That being said, I do seem to recall that the uploading process was somewhat
simplified, meaning that we had no choice but to upload everything together,
rather than splitting the uploading part into different sections. I mean, if
the assignment was a research paper, then instead of uploading it all together
(usually in the form of a pdf), it could be divided into different sections,
e.g. introduction, related works, etc. (with only text it would be much harder
to recognize the author, and if person A reviewed introduction of PersonB and
related works of PersonC then it would be even more difficult to identify)..
this could also go a long way towards solving the poorly made questions by the
professor since it would be guaranteed that all the questions were relevant
and completed (not sure if that makes sense, and I wouldn't be surprised if I
remember wrong and all of this is already possible ^_^)
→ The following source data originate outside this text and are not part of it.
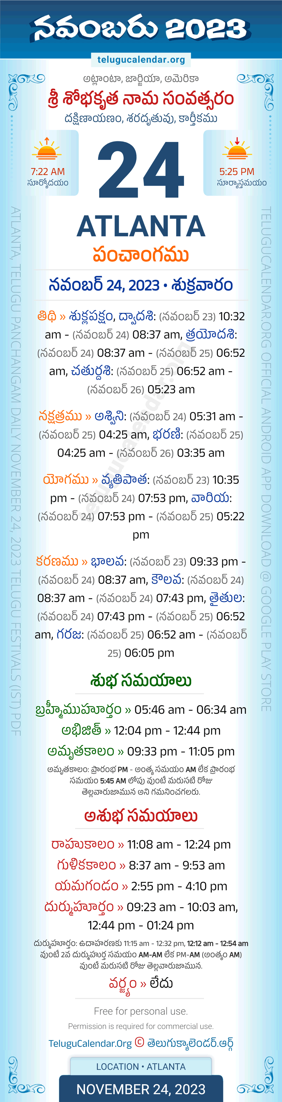 Atlanta Panchangam November 24, 2023 Daily Sheet in Telugu... Atlanta Telugu Panchangam Friday, November 24, 2023, Today's Atlanta Tithi: Sukla Paksham, Dwadasi: (Nov 23) 10:32 am - (Nov 24) 08:37 am, Trayodashi: (Nov 24) 08:37 am - (Nov 25) 06:52 am, Chaturdashi: (Nov 25) 06:52 am - (Nov 26) 05:23 am, Today's Atlanta Nakshatram: Aswini: (Nov 24) 05:31 am - (Nov 25) 04:25 am, Bharani: (Nov 25) 04:25 am - (Nov 26) 03:35 am, Telugu Year: Sri Sobhakritu Nama Samvatsaram, Vedic Aayana: Dakshinayanam, Vedic Rutuvu: Sharad, Chandramasa (Amanta): Kartikamu. Below image showing information about the 5 attributes of the day, viz., Varam, Tithi, Nakshatram, Yogam & Karanam along with starting and end timings. Read more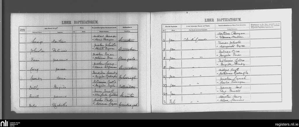 Ballysodare and Kilvarnet; County of Sligo; Diocese of Achonry. Baptisms, Jan. 1845 to Feb. 1845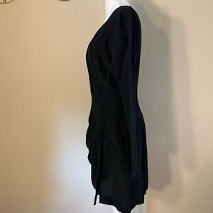 A sophisticated Club Monaco dress in black silk, accented with fluid gathering at the side for a subtle touch of asymmetry. Wrap silhouette with draping and pleating. Crossover V neck and long sleeves. Hidden zip at side.

About feedback on feedback, it sounds good in theory, but I recall many
wouldn't bother looking at it (especially because most would just leave "ok",
"good", "I agree" etc as their grading comment), and those who did would just
skim it without taking any actions to correct poor feedback where it was clear
the person grading it hadn't bother to read the content in detail. But I of
course have no idea if our behavior was the norm rather than the exception :)

In fact, one of my biggest issues with grading in general (second only to
being graded based on a stupid test/presentation at the end of the semester
rather than the assignments completed throughout the course) is that teachers
will often be biased, and I think you have a real shot at fixing this by
ensuring that even the teachers don't know the author of the assignment they
grade.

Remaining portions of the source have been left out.